** Directions **
Pictures are not part of the copy. Set down exactly the lines from the one containing "軽量!頑丈!錆にも強いチタン" through the last line of the material below.

** Supplied entries **
—————

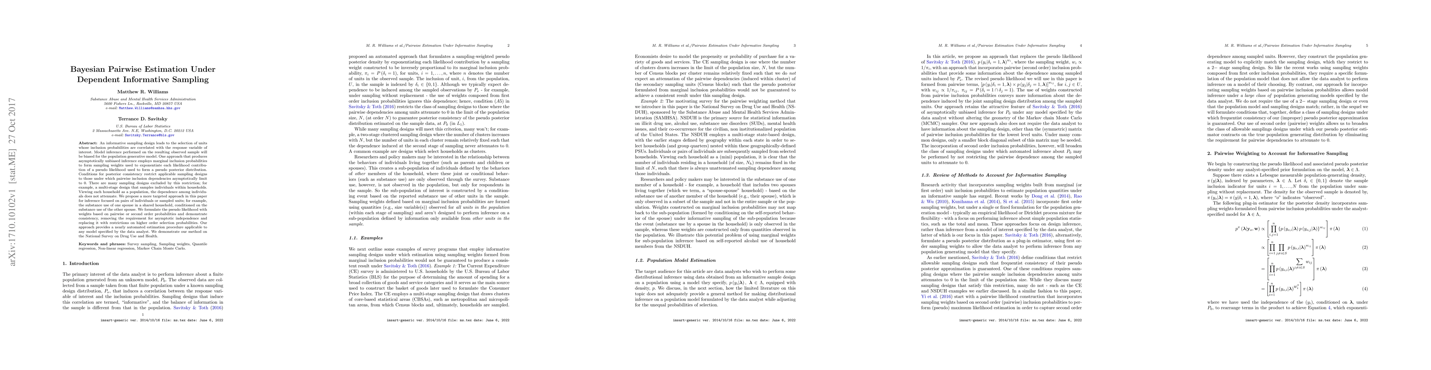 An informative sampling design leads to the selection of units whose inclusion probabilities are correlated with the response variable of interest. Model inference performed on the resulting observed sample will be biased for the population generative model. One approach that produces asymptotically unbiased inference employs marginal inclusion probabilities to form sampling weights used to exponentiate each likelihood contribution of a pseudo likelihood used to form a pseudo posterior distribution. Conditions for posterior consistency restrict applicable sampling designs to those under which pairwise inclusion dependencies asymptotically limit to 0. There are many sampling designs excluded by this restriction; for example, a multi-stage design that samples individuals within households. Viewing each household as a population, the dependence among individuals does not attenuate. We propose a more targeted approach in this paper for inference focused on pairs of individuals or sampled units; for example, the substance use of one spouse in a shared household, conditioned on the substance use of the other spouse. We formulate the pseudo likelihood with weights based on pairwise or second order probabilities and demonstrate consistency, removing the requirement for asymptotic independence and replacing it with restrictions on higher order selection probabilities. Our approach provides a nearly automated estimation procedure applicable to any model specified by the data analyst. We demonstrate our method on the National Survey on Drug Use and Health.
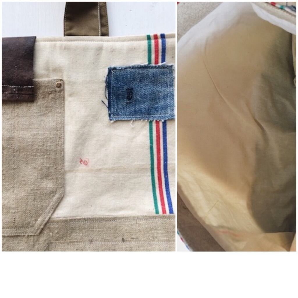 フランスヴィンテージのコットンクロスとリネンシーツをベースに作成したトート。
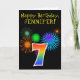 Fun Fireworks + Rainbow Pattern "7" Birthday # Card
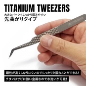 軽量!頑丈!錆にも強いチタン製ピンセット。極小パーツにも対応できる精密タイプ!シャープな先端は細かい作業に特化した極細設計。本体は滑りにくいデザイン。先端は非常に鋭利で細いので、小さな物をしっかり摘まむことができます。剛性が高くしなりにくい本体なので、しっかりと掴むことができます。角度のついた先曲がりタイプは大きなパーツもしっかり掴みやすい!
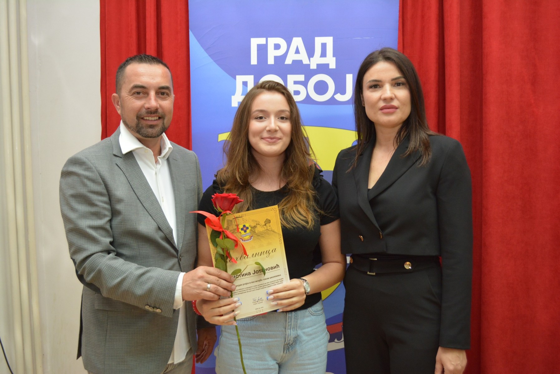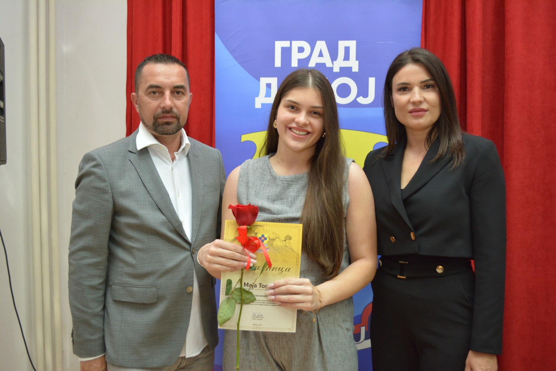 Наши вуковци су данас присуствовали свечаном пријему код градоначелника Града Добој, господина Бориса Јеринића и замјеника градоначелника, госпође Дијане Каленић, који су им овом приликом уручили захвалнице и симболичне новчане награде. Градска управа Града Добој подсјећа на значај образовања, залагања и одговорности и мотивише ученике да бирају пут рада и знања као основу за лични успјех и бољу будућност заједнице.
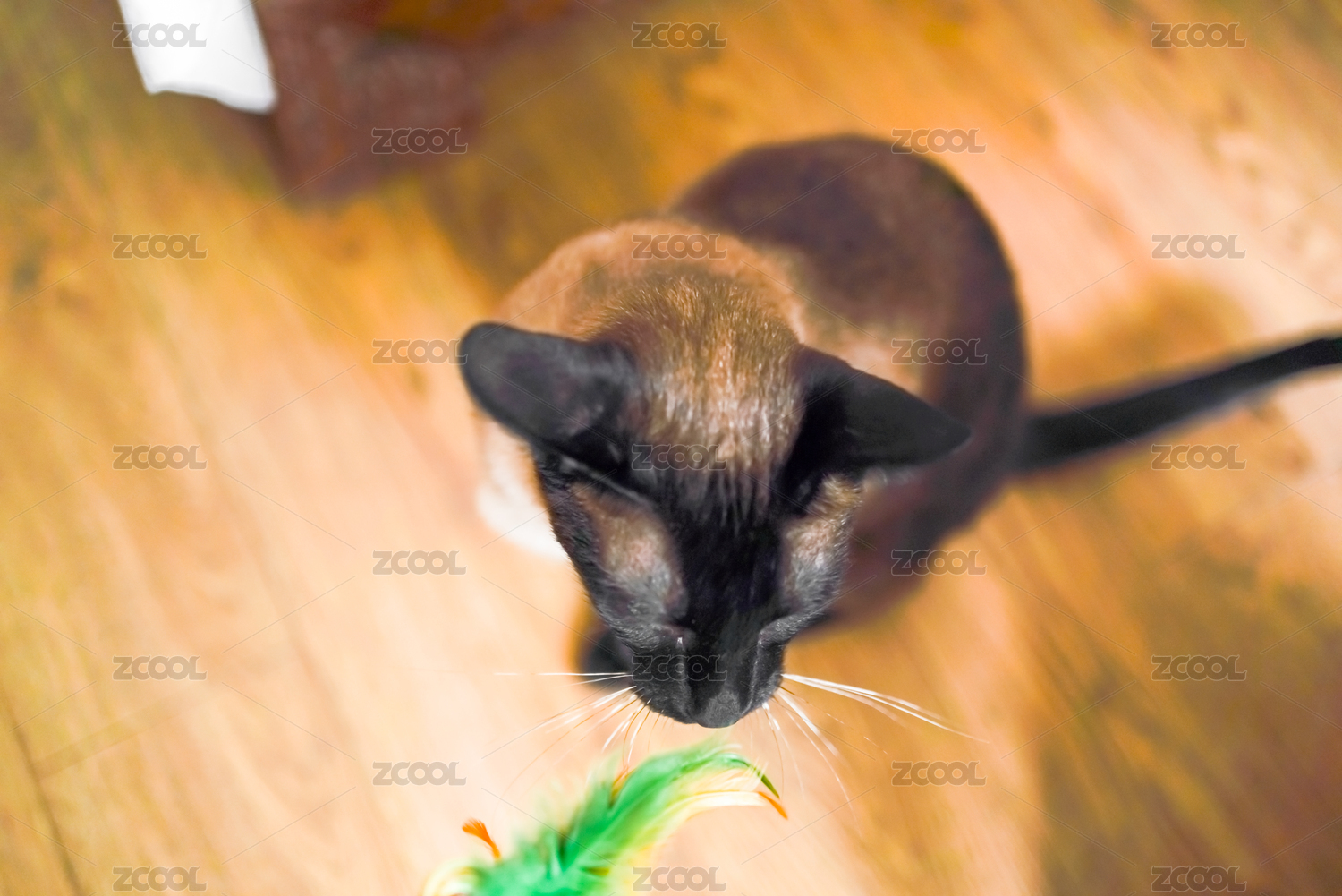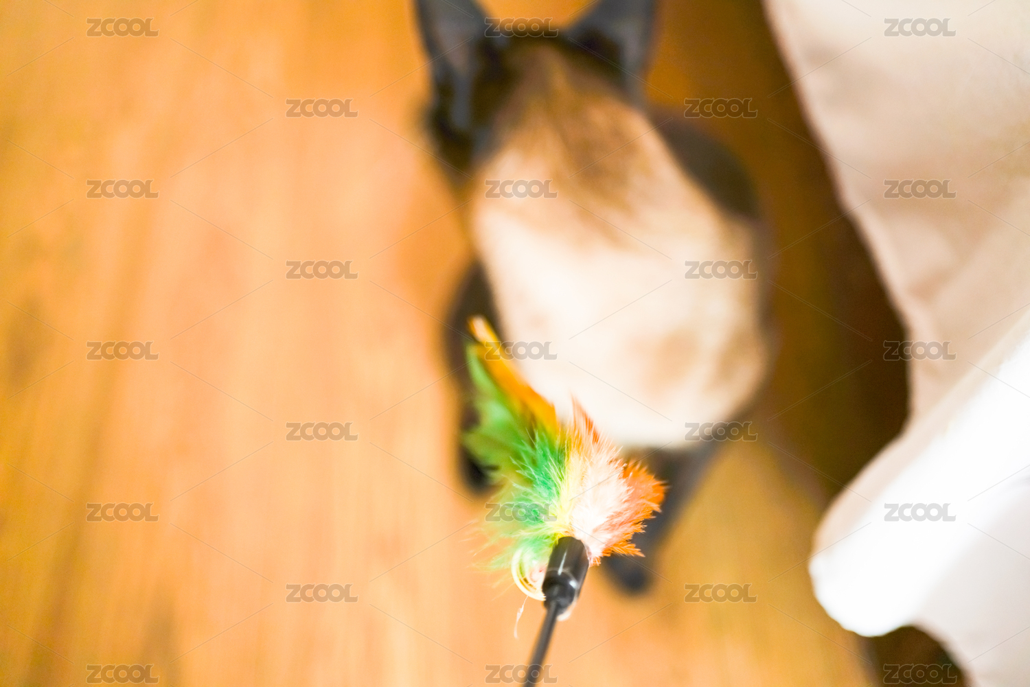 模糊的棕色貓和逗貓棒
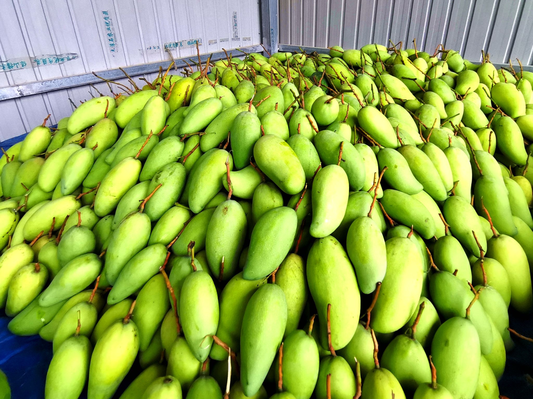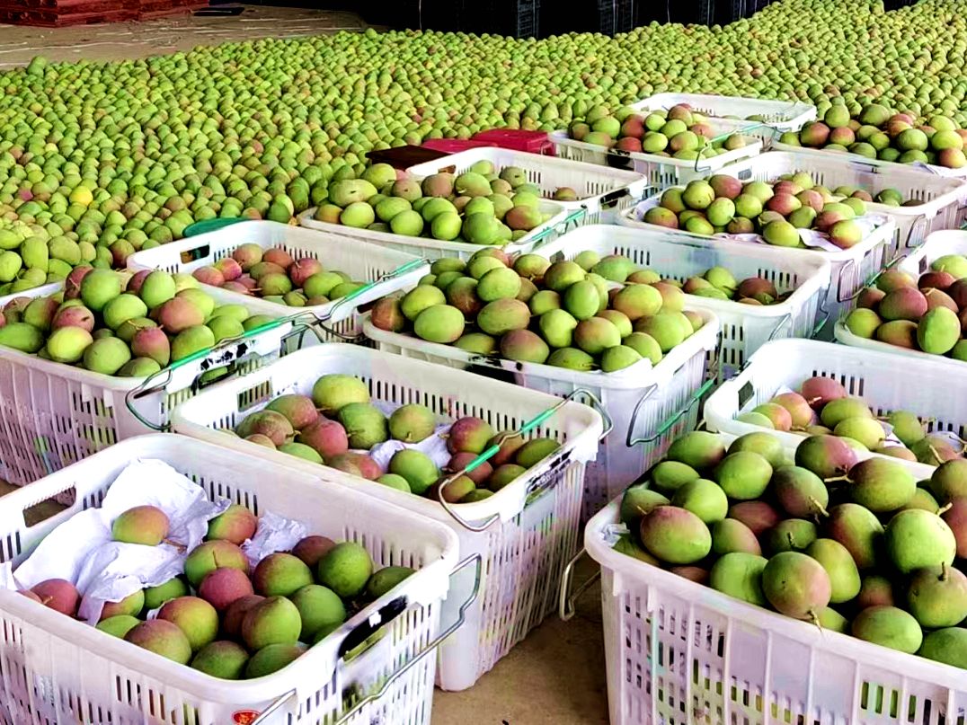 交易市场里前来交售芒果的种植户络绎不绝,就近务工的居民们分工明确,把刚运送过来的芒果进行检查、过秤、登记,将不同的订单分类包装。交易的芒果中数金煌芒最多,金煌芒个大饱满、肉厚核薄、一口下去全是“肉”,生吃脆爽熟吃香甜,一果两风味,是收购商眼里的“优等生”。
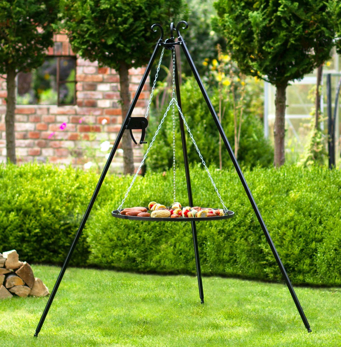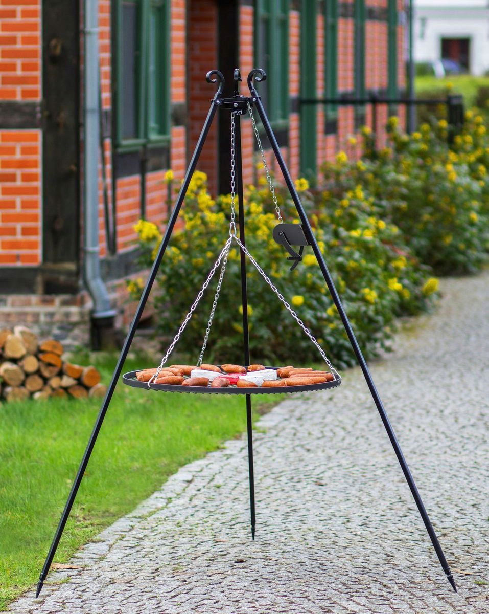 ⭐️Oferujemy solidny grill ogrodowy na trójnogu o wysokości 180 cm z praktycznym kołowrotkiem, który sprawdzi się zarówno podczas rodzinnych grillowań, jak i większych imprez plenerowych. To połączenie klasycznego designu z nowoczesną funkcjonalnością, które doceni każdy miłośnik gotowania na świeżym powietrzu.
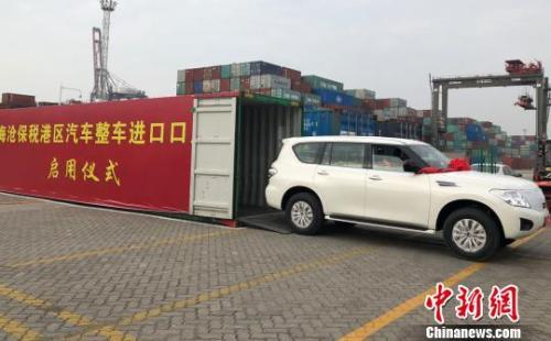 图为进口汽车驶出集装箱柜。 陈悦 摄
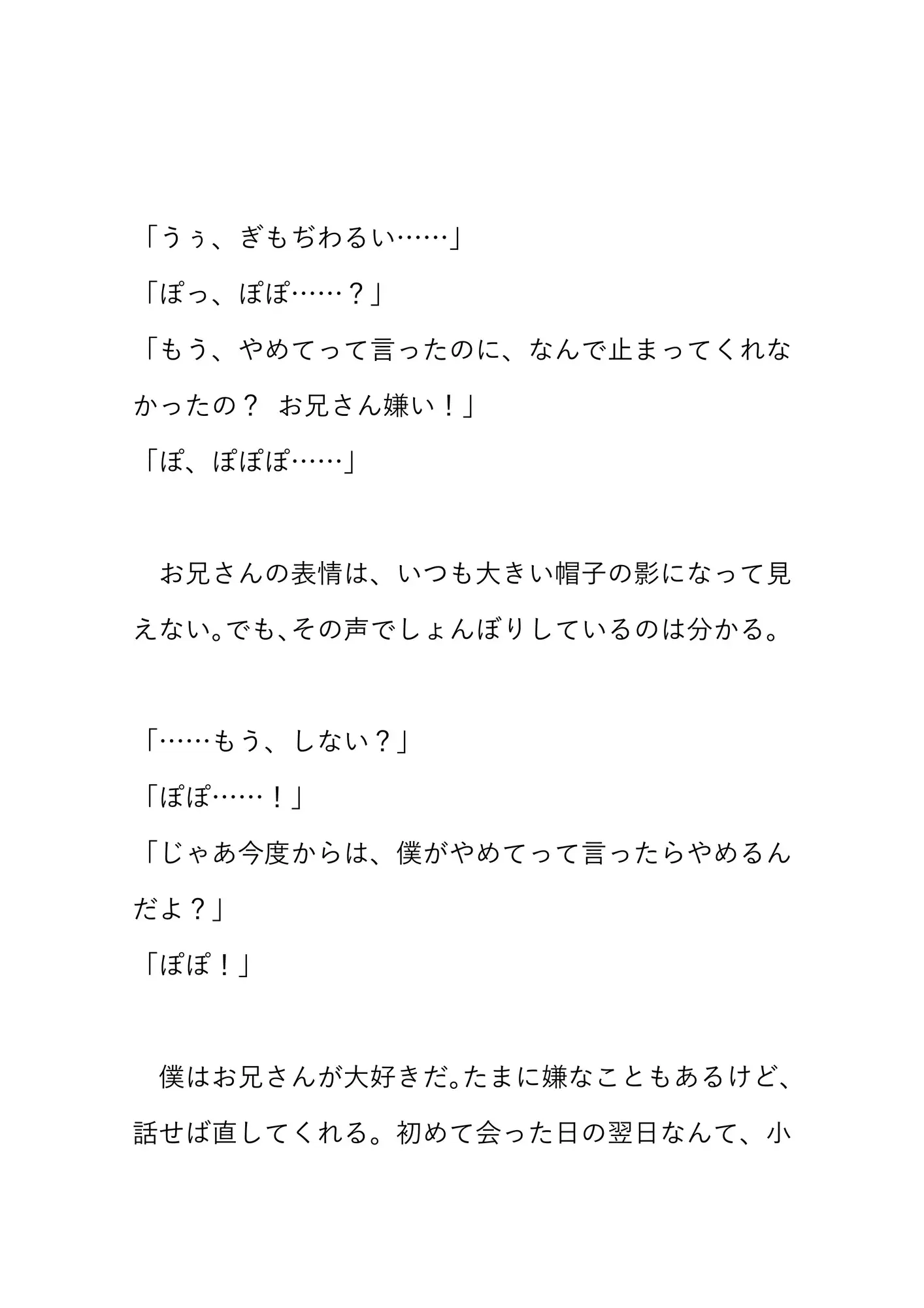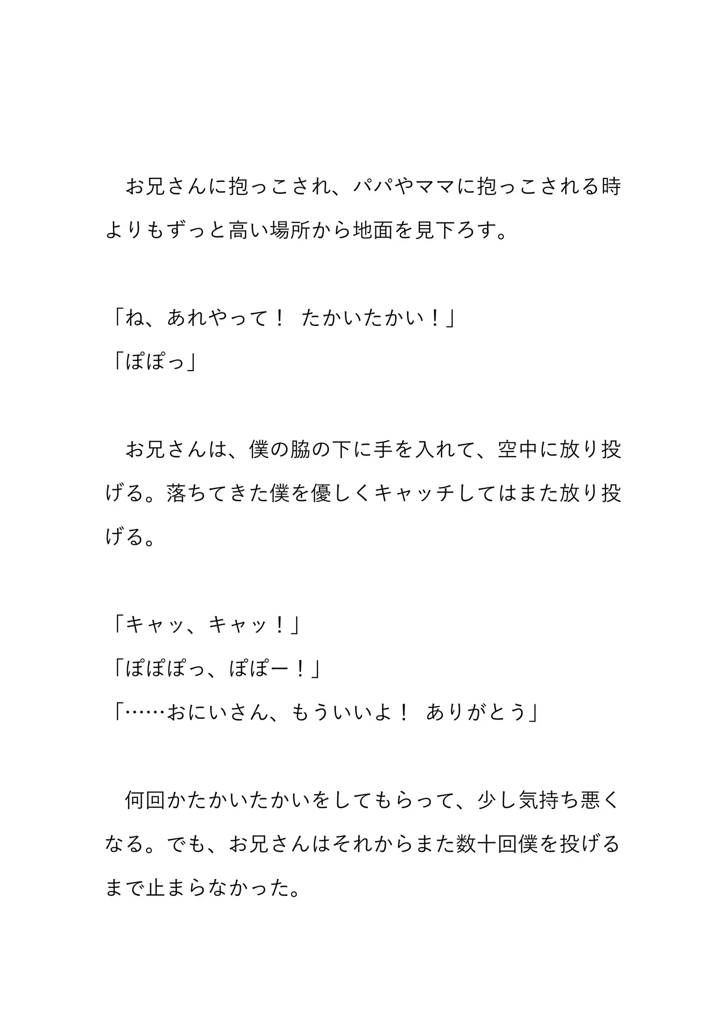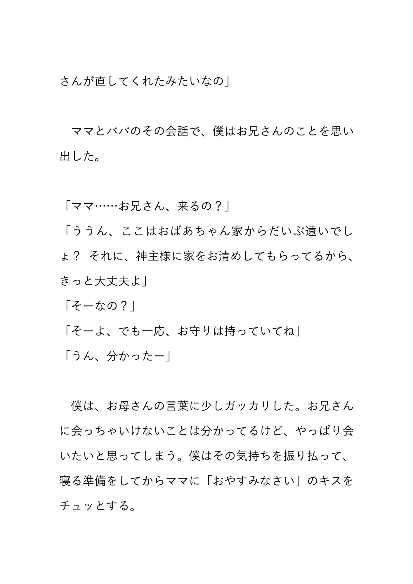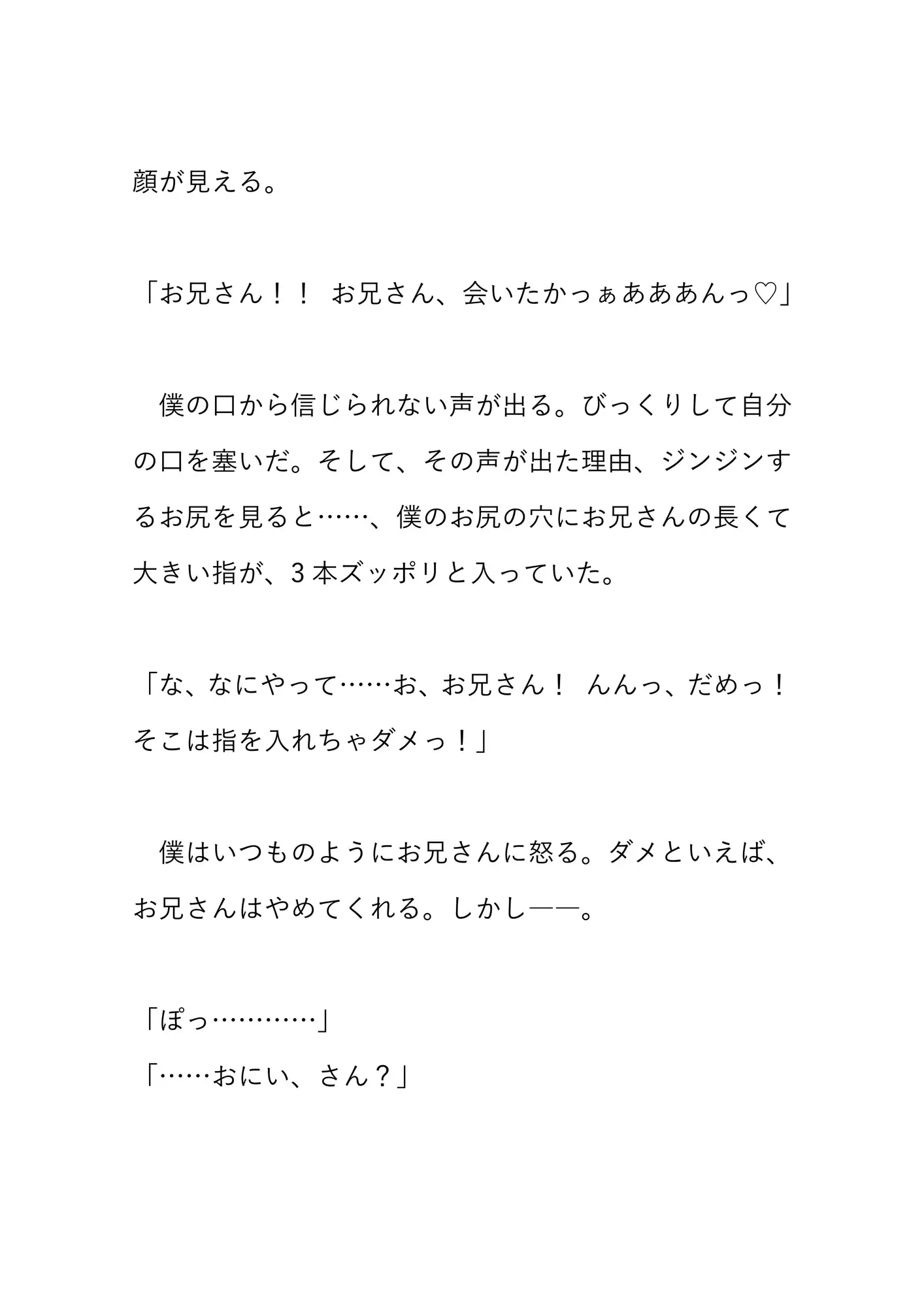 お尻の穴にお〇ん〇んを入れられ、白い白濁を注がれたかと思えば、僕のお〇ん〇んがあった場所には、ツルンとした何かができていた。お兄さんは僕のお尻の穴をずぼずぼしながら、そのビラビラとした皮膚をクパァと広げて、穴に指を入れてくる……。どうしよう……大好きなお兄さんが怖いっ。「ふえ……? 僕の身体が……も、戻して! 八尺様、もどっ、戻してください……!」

—————

** Response area **
 軽量!頑丈!錆にも強いチタン製ピンセット。極小パーツにも対応できる精密タイプ!シャープな先端は細かい作業に特化した極細設計。本体は滑りにくいデザイン。先端は非常に鋭利で細いので、小さな物をしっかり摘まむことができます。剛性が高くしなりにくい本体なので、しっかりと掴むことができます。角度のついた先曲がりタイプは大きなパーツもしっかり掴みやすい!
 Наши вуковци су данас присуствовали свечаном пријему код градоначелника Града Добој, господина Бориса Јеринића и замјеника градоначелника, госпође Дијане Каленић, који су им овом приликом уручили захвалнице и симболичне новчане награде. Градска управа Града Добој подсјећа на значај образовања, залагања и одговорности и мотивише ученике да бирају пут рада и знања као основу за лични успјех и бољу будућност заједнице.
 模糊的棕色貓和逗貓棒
 交易市场里前来交售芒果的种植户络绎不绝,就近务工的居民们分工明确,把刚运送过来的芒果进行检查、过秤、登记,将不同的订单分类包装。交易的芒果中数金煌芒最多,金煌芒个大饱满、肉厚核薄、一口下去全是“肉”,生吃脆爽熟吃香甜,一果两风味,是收购商眼里的“优等生”。
 ⭐️Oferujemy solidny grill ogrodowy na trójnogu o wysokości 180 cm z praktycznym kołowrotkiem, który sprawdzi się zarówno podczas rodzinnych grillowań, jak i większych imprez plenerowych. To połączenie klasycznego designu z nowoczesną funkcjonalnością, które doceni każdy miłośnik gotowania na świeżym powietrzu.
 图为进口汽车驶出集装箱柜。 陈悦 摄
 お尻の穴にお〇ん〇んを入れられ、白い白濁を注がれたかと思えば、僕のお〇ん〇んがあった場所には、ツルンとした何かができていた。お兄さんは僕のお尻の穴をずぼずぼしながら、そのビラビラとした皮膚をクパァと広げて、穴に指を入れてくる……。どうしよう……大好きなお兄さんが怖いっ。「ふえ……? 僕の身体が……も、戻して! 八尺様、もどっ、戻してください……!」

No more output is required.